Страница 33 из 86
Идя, я сутулился, поднимал плечи, сдвигал брови, стараясь казаться старше, как всегда старался, оказавшись вместе с Настасьей в каком-нибудь, все равно в каком обществе.
– Марья Павловна, это Валерий, - сказала Настасья, с несколько озабоченным недоумением наблюдая мои ужимки. - Валерий, это Марья Павловна, наша давнишняя знакомая. Знали бы вы, как я ее люблю. Она сущее чудо.
Настасья говорила мне «вы» для конспирации. Я поцеловал хозяйке ручку - неожиданно для себя, вышло даже и не развязно, а вполне естественно и легко. Чухонка, кажется, была польщена столь светским политесом. Не дав ей опомниться, я сказал:
– Охотно верю, хозяйка такого сада и должна быть чудом. Каков сад, таков и садовник. А я в жизни своей не видел такого сада. Право, Мария Павловна, я хотел бы превратиться в крошку-домового, хоть в банника, гулять по тропинкам, огибать валуны, рощи маргариток, охапки бессмертника, фиалковые леса.

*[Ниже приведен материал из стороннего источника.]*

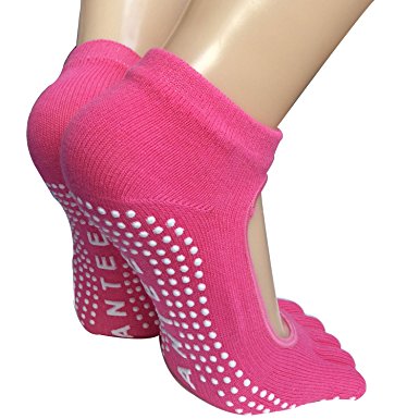 Lantee Non Slip Pilates Yoga Socks Open Foot Full Toe with Grips Cotton for Women, Pack of 4.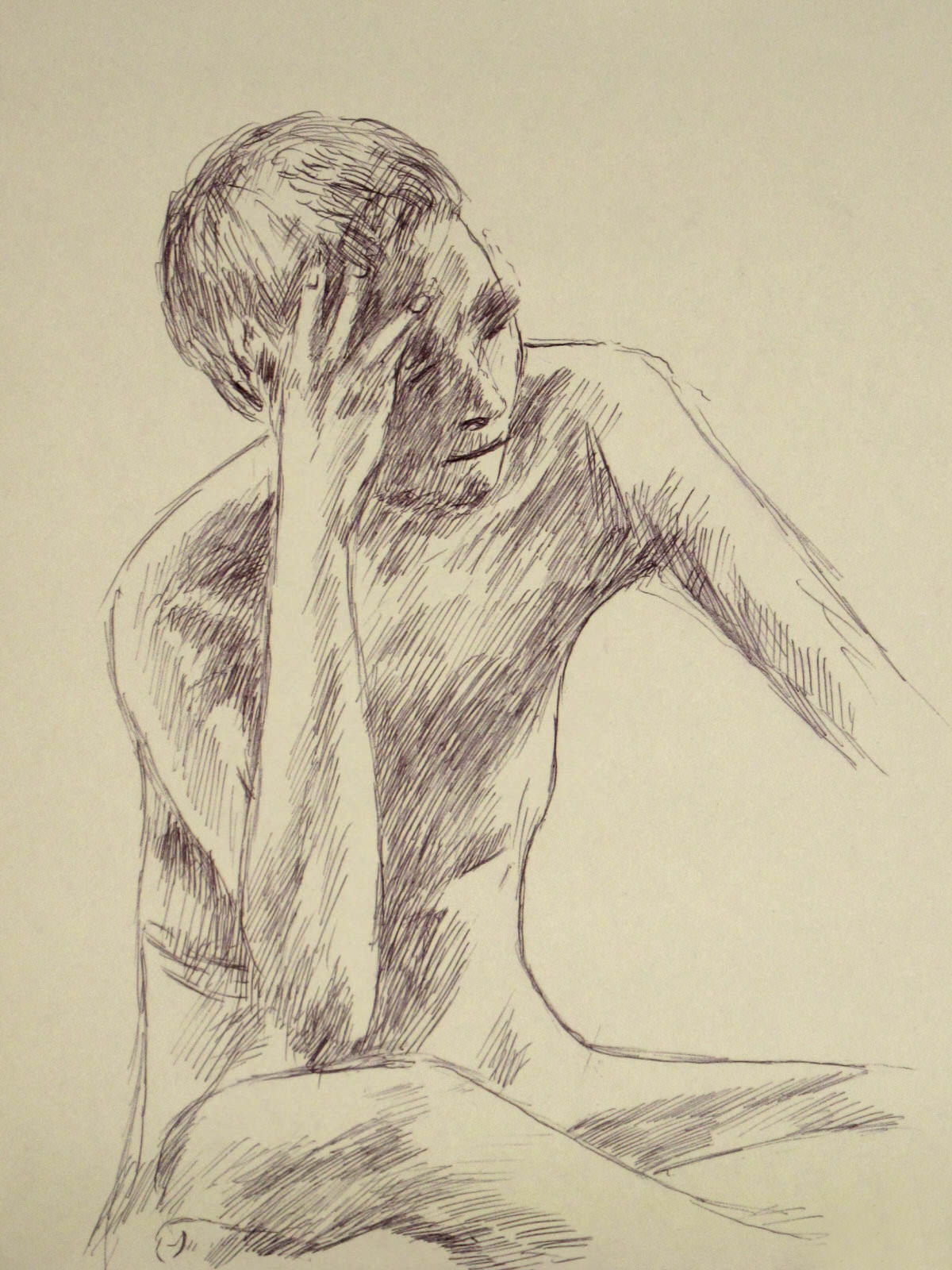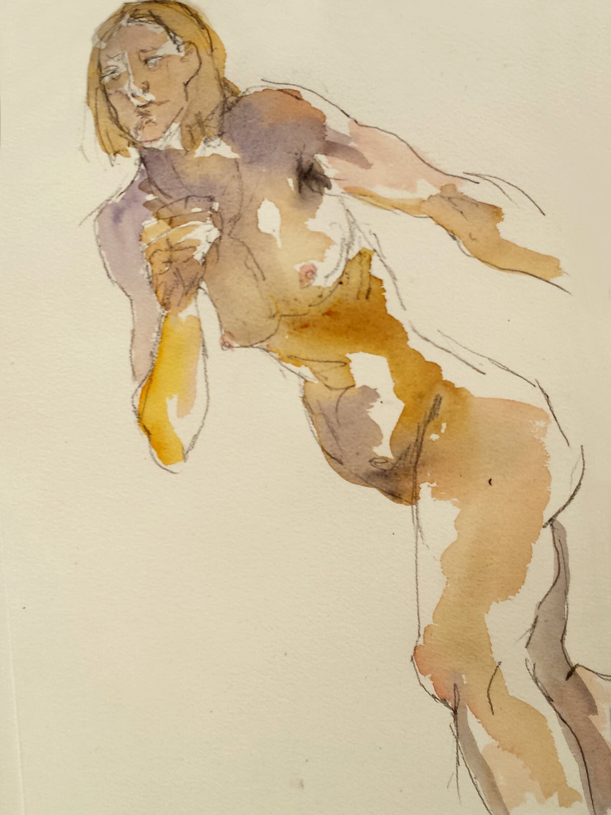 These words called out by Esther at Mall Galleries were music to my ears. We were posing separately in the same space for Hesketh Hubbard Art Society – Esther was presenting eight 15-minute poses, while my shifts were four of 30-minutes – and I was being troubled by searing cramp.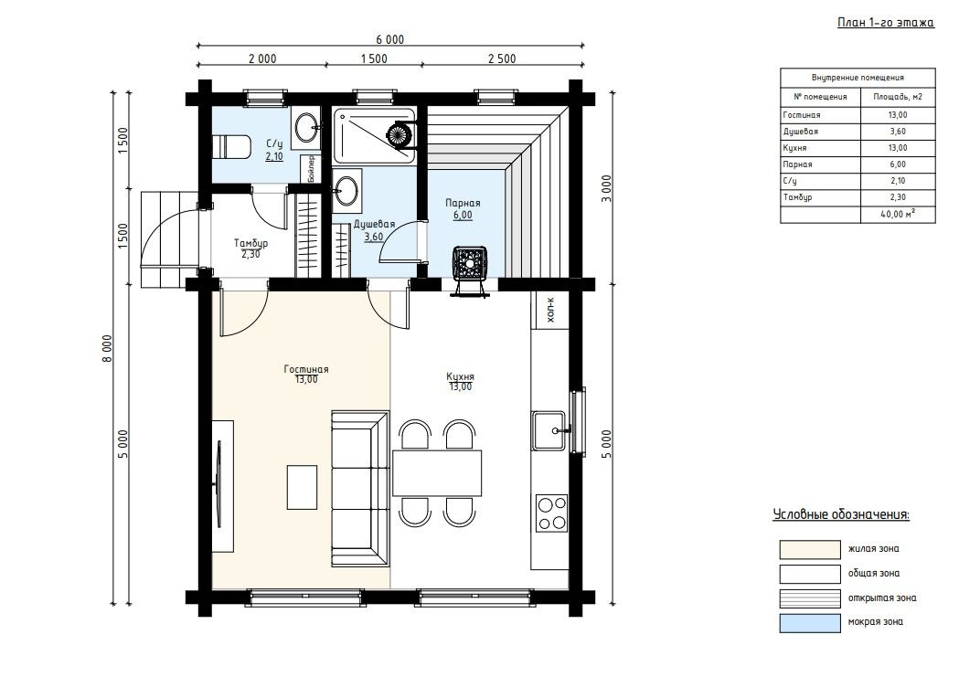 Общая площадь составляет 40 м², здание размером 6×8 метров включает гостиную (13 м²), кухню (13 м²), душевую (3,6 м²), парную (6 м²), санузел и тамбур. Жилая зона объединяет кухню и гостиную, создавая просторное помещение для отдыха и встреч. Мокрая зона представлена полноценным банным блоком. Фасад украшен крытой террасой, создающей уютное пространство для уединения или приёма гостей.

Настасья с нарастающим удивлением слушала меня и на меня смотрела.
– Не исключено, - продолжал я, вдохновленный их вниманием и интересом (всех троих: Настасьи, Марьи Павловны и молчаливой лайки с умной мордою), - что вошел бы во вкус, сварганил бы себе игрушечную лопату по руке и ночами копал бы для вас арыки, витиеватую оросительную систему, а для себя еще и мостики через них перекидывал. Я только об одном бы и жалел: что у вас нет в саду крошечных сосен, искусственно замедленных в росте и повторяющих в миниатюре взрослые дерева, как в китайских и японских палисадничках.

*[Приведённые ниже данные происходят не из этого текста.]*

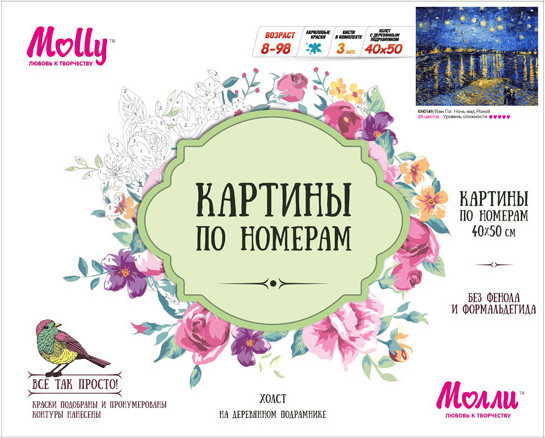 Molly Набор для раскрашивания по номерам на холсте «Ван Гог. Ночь над Роной» (40×50 см)В данный момент этот товар отсутствует в продаже. Возможно, у нас найдется аналогичный или похожий товар здесь. Серия: Картины по номерам на холсте С помощью набора для творчества можно нарисовать одну из самых известных картин голландского художника-импрессиониста Винсента Ван Гога «Ночь над Роной». На картине запечатлен небольшой город Арль на юге Франции. Большую часть картины занимает звездное небо. На переднем плане видны фигуры влюбленных. |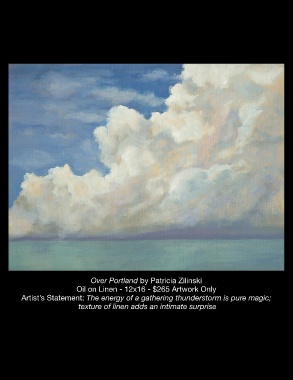 Over Portland by Patricia Zilinski Oil on Linen - 12x16 - $265 Artwork Only Artist’s Statement: The energy of a gathering thunderstorm is pure magic; texture of linen adds an intimate surprise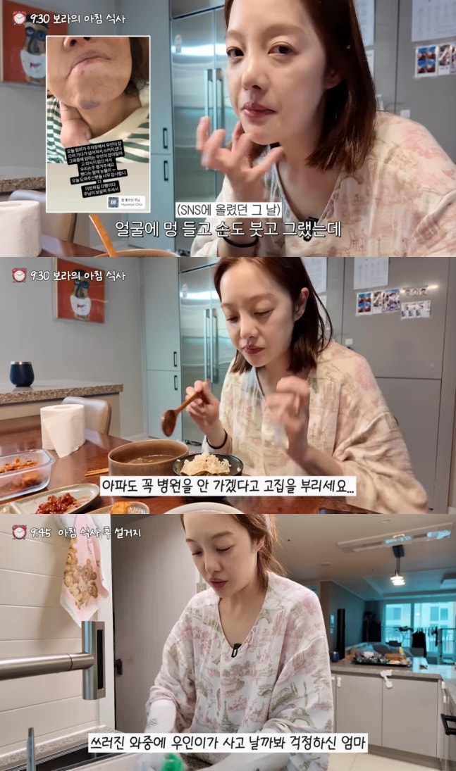 Hwang Bora tiết lộ mẹ cô bị tai nạn khi trông cháu và không chịu đến bệnh viện. Ảnh: Xports News
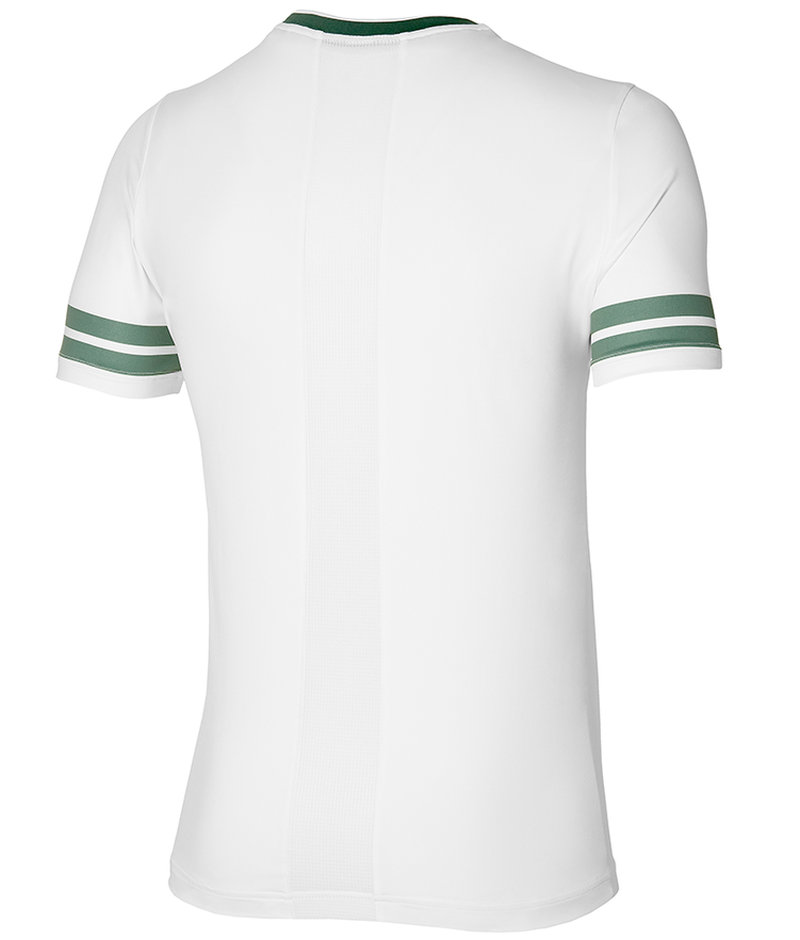 Теннисная футболка Mizuno Shadow Graphic Tee - white. Спортивная футболка классического, regular кроя. Тонкий, слегка эластичный материал хорошо облегает фигуру, при этом обеспечивая оптимальную свободу движений. Сочетание полиэстера с эластаном обеспечивает высокий комфорт во время активности и эффективное отведение влаги. Магазин tennis-24.ru предлагает эту модель для тех, кто ценит качество и стиль. Зона с сетчатой вставкой на спине увеличивает воздухопроницаемость.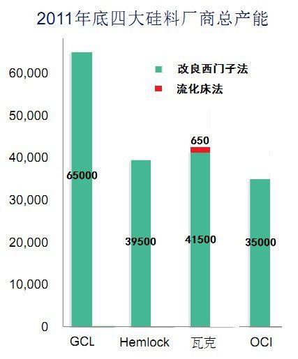 其实,从产业应用的角度来看也是如此。目前的四大多晶硅供应商(保利协鑫、德国Wacker、美国Hemlock、韩国OCI),除Wacker在Poly5生产线有650吨的流化床法产能之外,其余产能(截至2011年末约为18.1万吨)全部采用改良西门子法。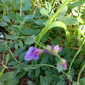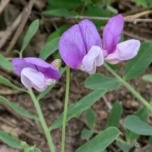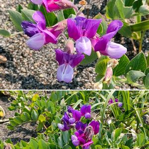 ハマエンドウ(浜豌豆) マメ科 レンリソウ属 4~7月 高さ15~40cm 在来種 多年草 つる性で、地を這って長さは約1mになる 葉は偶数羽状複葉で小葉は3~6対(6~12個) 小葉は長さ1.5~3㎝、幅1~2㎝の楕円形で先端が小さく尖る 葉軸の先端は巻きひげ状に2分岐する 托葉は大きく、基部が鉾形になり茎を抱く 花は蝶形花で、総状に数個まとまってつく ふつう旗弁(上に立ち上がっている花弁)は咲き始めは赤紫色で、徐々に青紫色へと変化する 果実は豆果で、長さ約5cm🫛 種子である『マメ』は、若い芽とともに食用にできるらしい(しかも美味い)が、下半身麻痺を引き起こす毒があるそうだよ… 多食しなければいいみたい🤏🏼

– Посему нет? - промолвила садовница. - Итемте, покашу. Вон там, са яблонями. Меня наусил Настин мама. Он хорошо коворил по-русски. Мой мама тоже хорошо коворил по-русски. А моя папа совсем не коворила.

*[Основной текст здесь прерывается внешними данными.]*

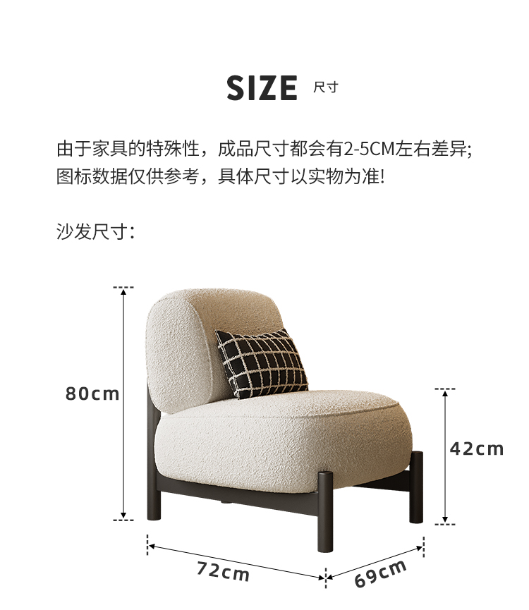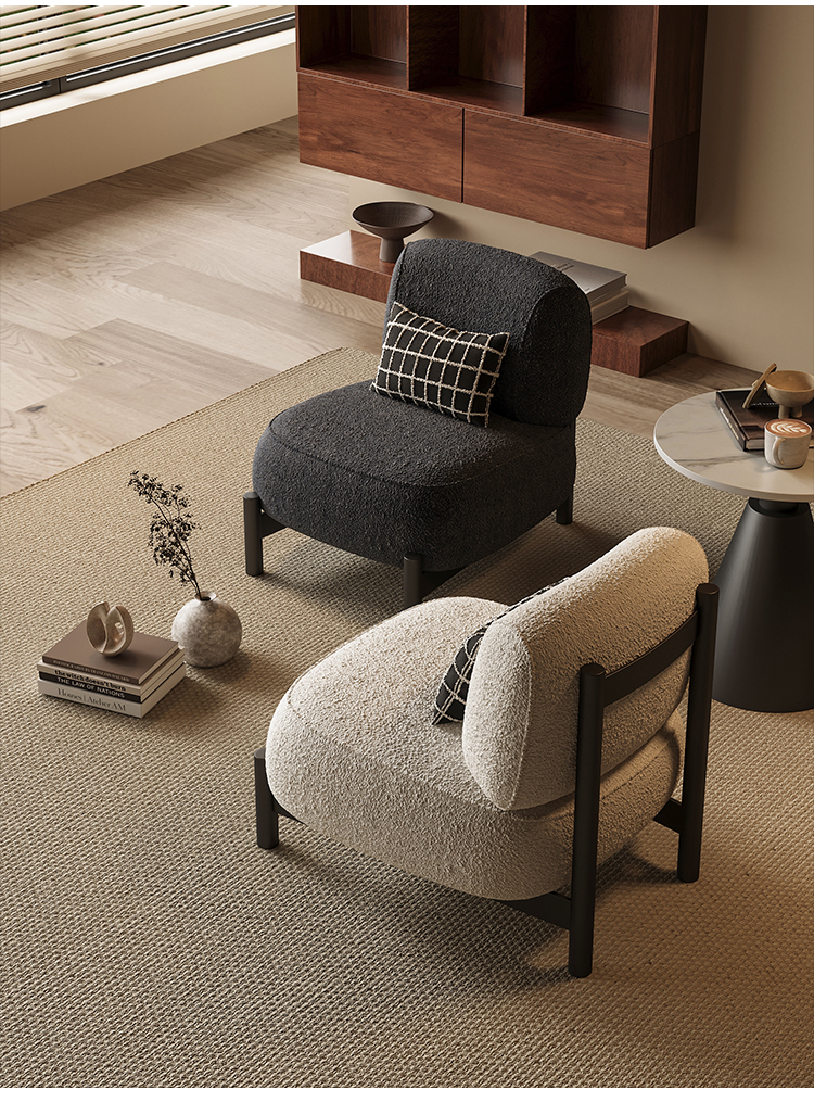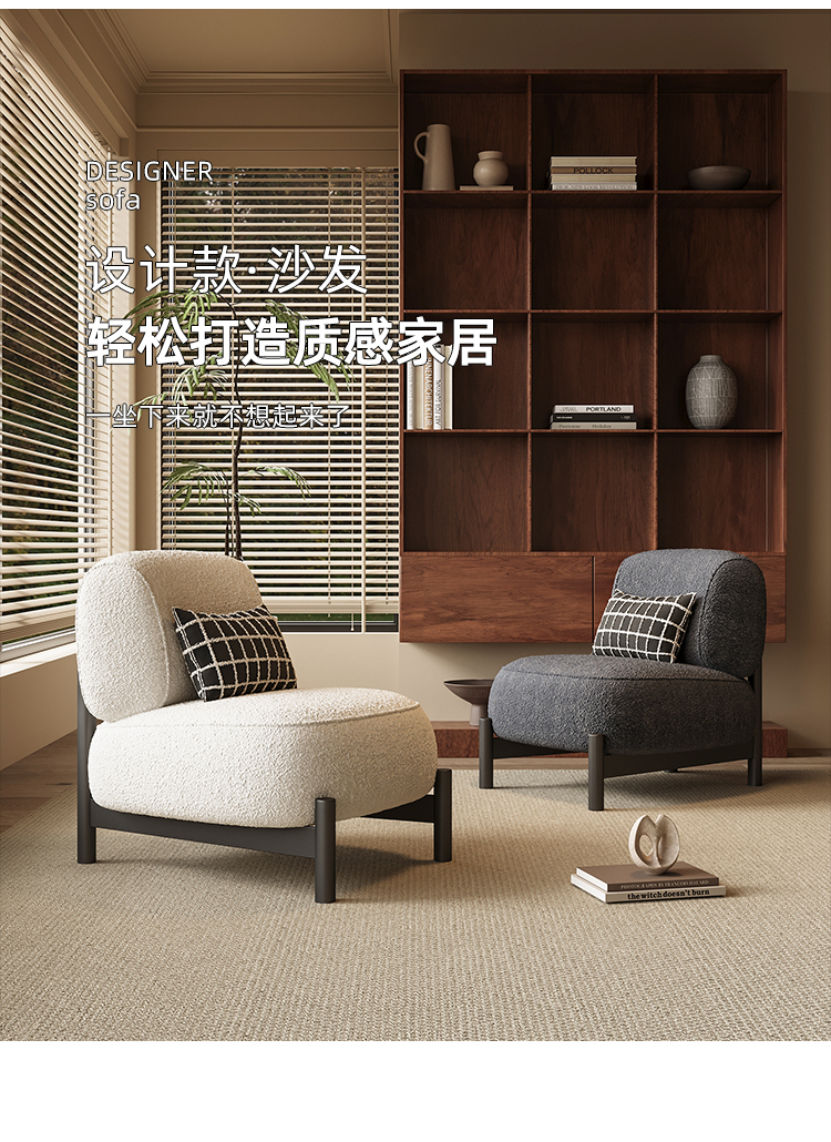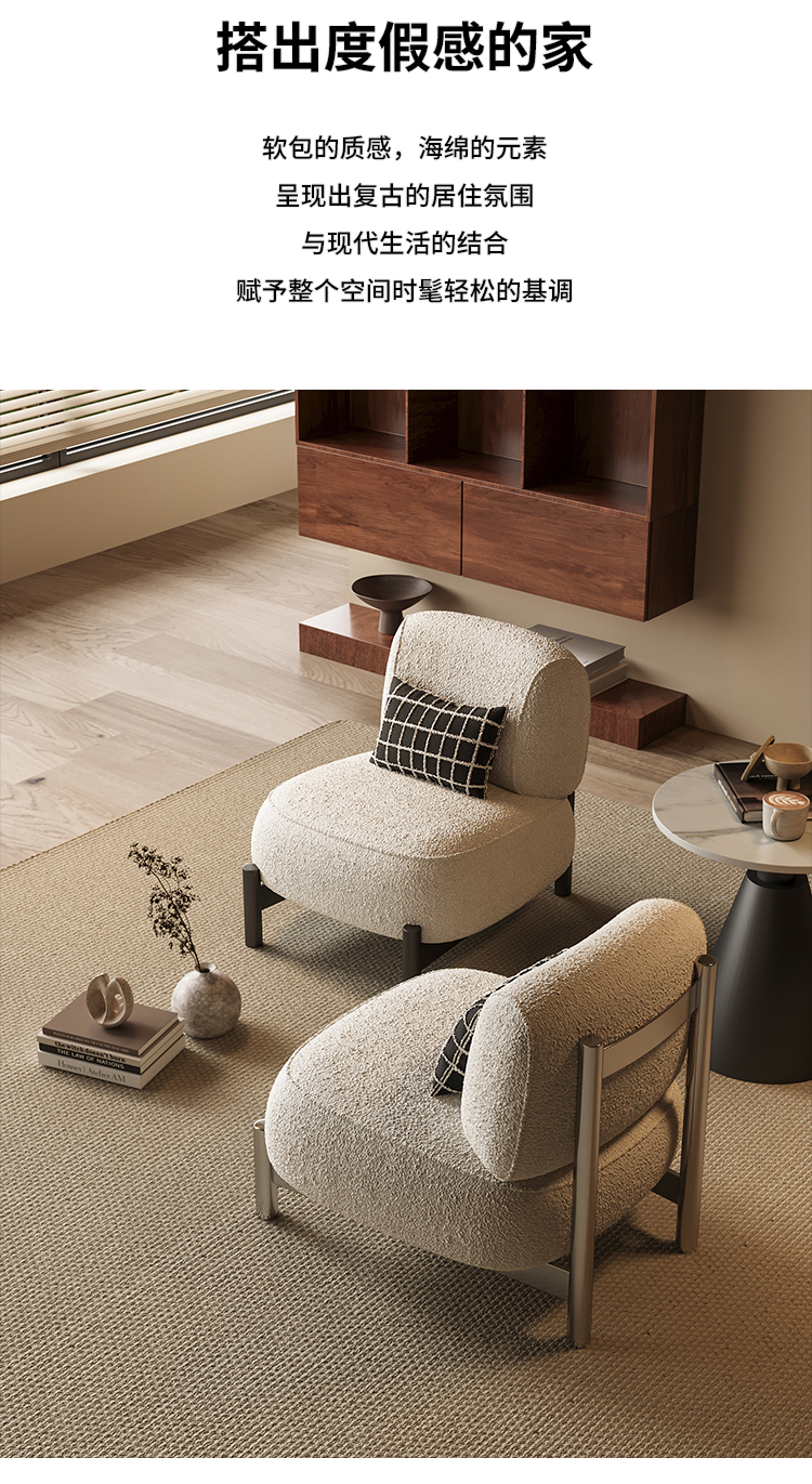 크림색 중세 스타일 거실 싱글 소파 디자이너 거실 미용실 리셉션 패브릭 셰르파 라운지 의자

Моя поразила способность Марьи Павловны за долгие годы жизни в русской среде остаться при акценте. Тем же поразила, помнится, одна француженка, приехавшая из Франции в 1912 году; в 1960-м, живя и здравствуя, пережив блокаду, счастливо миновав лагеря (да за один акцент могла убыть в ватнике на гастроли в солнечный Магадан в роли шпионки!), она говорила: «Алла Тарас карашо играль Анна Каренья», «эль» и «эр» произнося в полном соответствии.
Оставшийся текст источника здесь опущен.